We incurred significant costs in the area of research and development, including CRO fees, manufacturing, regulatory and other clinical trial costs, as Twirla was being developed. With the approval of Twirla early in 2020, our operating expenses shifted substantially to selling and marketing as we built out our commercial infrastructure. Net cash used in operating activities was $47.3 million for the year ended December 31, 2020 and consisted primarily of a net loss of $51.9 million, offset by non-cash stock-based compensation expense of $2.8 million, and $1.6 million of other non-cash charges, primarily interest expense. Our net change in operating assets and liabilities was negligible. Net cash used in operating activities was $15.7 million for the year ended December 31, 2019 and consisted of a net loss of $18.6 million and an increase in prepaid expenses of $0.2 million, which was offset by non-cash stock-based compensation expense of $1.8 million and depreciation and amortization of $0.2 million as well as an increase in accounts payable, accrued expenses and other liabilities of $1.1 million which reflects increased commercial development and commercial manufacturing expenses related to the initialization of pre-commercialization activities for Twirla. Net cash used in operating activities was $16.9 million for the year ended December 31, 2018 and consisted of a net loss of $19.8 million which was offset, in part, by non-cash stock-based compensation expense of $3.6 million and non-cash interest expense of $0.3 million as well as a decrease in accounts payable and accrued liabilities of $1.2 million which reflects higher manufacturing commercialization expenses and the accrued loan fee which were both paid in 2018.

Investing Activities

Net cash used in investing activities for the years ended December 31, 2020, 2019 and 2018 was $40.7 million, $0.1 million and $0.3 million, respectively.
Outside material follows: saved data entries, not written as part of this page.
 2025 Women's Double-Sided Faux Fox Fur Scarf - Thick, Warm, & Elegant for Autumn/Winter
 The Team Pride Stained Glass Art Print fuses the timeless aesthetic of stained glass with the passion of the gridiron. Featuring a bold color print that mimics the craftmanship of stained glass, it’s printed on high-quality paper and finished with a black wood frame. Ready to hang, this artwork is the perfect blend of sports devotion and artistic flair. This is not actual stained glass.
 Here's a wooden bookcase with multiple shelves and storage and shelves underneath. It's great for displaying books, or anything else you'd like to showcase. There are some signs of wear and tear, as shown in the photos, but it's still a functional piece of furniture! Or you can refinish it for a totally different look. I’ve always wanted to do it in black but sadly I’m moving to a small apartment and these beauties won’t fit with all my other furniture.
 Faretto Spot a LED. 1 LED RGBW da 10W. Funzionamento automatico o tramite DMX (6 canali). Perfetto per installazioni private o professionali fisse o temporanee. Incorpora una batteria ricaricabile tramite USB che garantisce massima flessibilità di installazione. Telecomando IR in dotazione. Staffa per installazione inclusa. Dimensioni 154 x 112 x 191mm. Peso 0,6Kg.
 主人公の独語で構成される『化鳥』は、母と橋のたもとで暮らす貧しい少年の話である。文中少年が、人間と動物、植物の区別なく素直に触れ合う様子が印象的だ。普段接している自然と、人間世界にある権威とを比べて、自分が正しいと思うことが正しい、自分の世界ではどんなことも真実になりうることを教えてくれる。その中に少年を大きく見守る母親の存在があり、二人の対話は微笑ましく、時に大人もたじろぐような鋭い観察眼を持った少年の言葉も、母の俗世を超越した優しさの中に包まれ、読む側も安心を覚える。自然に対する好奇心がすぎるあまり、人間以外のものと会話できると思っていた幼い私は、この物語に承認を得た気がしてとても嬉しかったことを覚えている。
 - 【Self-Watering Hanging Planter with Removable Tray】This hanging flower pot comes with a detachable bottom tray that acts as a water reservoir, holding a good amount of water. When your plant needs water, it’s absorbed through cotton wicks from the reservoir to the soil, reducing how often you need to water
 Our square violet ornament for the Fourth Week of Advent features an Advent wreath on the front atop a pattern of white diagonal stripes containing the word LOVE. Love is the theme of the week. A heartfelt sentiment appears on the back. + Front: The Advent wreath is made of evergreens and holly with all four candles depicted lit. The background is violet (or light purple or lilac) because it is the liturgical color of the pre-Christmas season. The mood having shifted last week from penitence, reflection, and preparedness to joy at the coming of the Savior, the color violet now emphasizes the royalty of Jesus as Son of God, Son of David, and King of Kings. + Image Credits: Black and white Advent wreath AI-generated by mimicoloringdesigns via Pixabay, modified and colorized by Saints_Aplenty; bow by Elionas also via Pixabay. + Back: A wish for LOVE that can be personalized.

Cash used in investing activities for the year ended December 31, 2020 primarily represents net purchases of marketable securities of $40.3 million with the balance being the acquisition of equipment to be used in the commercialization of Twirla.

Financing Activities

Net cash provided by financing activities for the year ended December 31, 2020 was $68.0 million, which primarily represents net proceeds of $48.4 million received from the issuance of 17,250,000 shares of our common stock through a public offering, proceeds of $20.0 million from the Perceptive term loan, and stock option exercise proceeds of $0.6 million.  These proceeds were partially offset by debt financing costs of $1.0 million. Net cash provided by financing activities for the year ended December 31, 2019 was $42.4 million which primarily represented net proceeds of $7.8 million received from the issuance of 8,426,750 shares of our common stock in a private placement, net proceeds of $12.7 million from the sale of 14,526,315 shares of common stock through a public offering, and net proceeds of approximately $21.8 million from the sale of a total of 12,242,436 shares of our common stock through two at-the-market, or ATM, sales programs. Net cash used in financing activities for the year ended December 31, 2018 was $10.9 million which represented principal payments under the Hercules Loan Agreement which began on February 1, 2017 and were completed on December 1, 2018.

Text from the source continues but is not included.